Bookmarks and References:

  • bookmarks - Branch management (read/write)
  • bookmark_update_log - History of bookmark movements
  • bookmarks_cache - Cached bookmark data

Operations:

  • repo_permission_checker - Access control
  • hook_manager - Pre-commit hooks
  • repo_cross_repo - Cross-repository operations

Facets are located in repo_attributes/ and are composed together into complete repositories using the facet container pattern. This allows different operations to declare exactly which repository capabilities they need.

3. Features (High-Level Operations)

Features combine multiple facets to implement source control operations. Unlike facets, features don't hold state - they orchestrate operations across repository attributes.

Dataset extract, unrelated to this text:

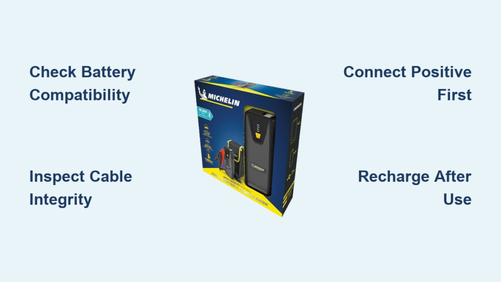 Your Michelin jump starter works exclusively with 12-volt lead-acid batteries found in most passenger vehicles. Check your battery case for voltage markings—6-volt batteries (common in older motorcycles and golf carts) or 24-volt systems (in commercial trucks) won’t work with standard Michelin units. The device automatically detects battery voltage during connection, but verifying compatibility beforehand prevents confusing error codes during critical moments.

Key features (in features/):

  • Pushrebase (features/pushrebase/) - Server-side rebasing for linear history
  • Cross-repo sync (features/cross_repo_sync/) - Repository synchronization
  • Commit transformation (features/commit_transformation/) - Rewriting commits
  • Redaction (features/redaction/) - Content removal
  • Diff and history (features/diff/, features/history_traversal/) - Content comparison and traversal
  • Bookmark movement (bookmarks/bookmarks_movement/) - Safe bookmark updates
  • Microwave (features/microwave/) - Cache warming

Features are typically implemented as functions that accept trait bounds specifying the required facets.

4. API Layer (Optional)

The API layer (mononoke_api/ and mononoke_api_hg/) provides high-level abstractions over the underlying implementation details. Not all applications use this layer - it's primarily used by servers and interactive tools.

It exposes objects like:

  • Repo - Repository operations
  • Changeset - Commit metadata and operations
  • File - File content and history
  • Tree - Directory listings

This layer hides whether operations use commit graph vs. segmented changelog, which manifest type is used, etc. It provides a stable interface that isolates protocol implementations from internal representation changes.

5. Application Framework (cmdlib)

All Mononoke binaries use the cmdlib/mononoke_app/ framework, which provides:

  • Argument parsing and configuration loading
  • Monitoring and observability setup
  • Graceful shutdown handling
  • Repository initialization
  • Common command-line options

This ensures all Mononoke applications have consistent behavior, configuration, and operational characteristics.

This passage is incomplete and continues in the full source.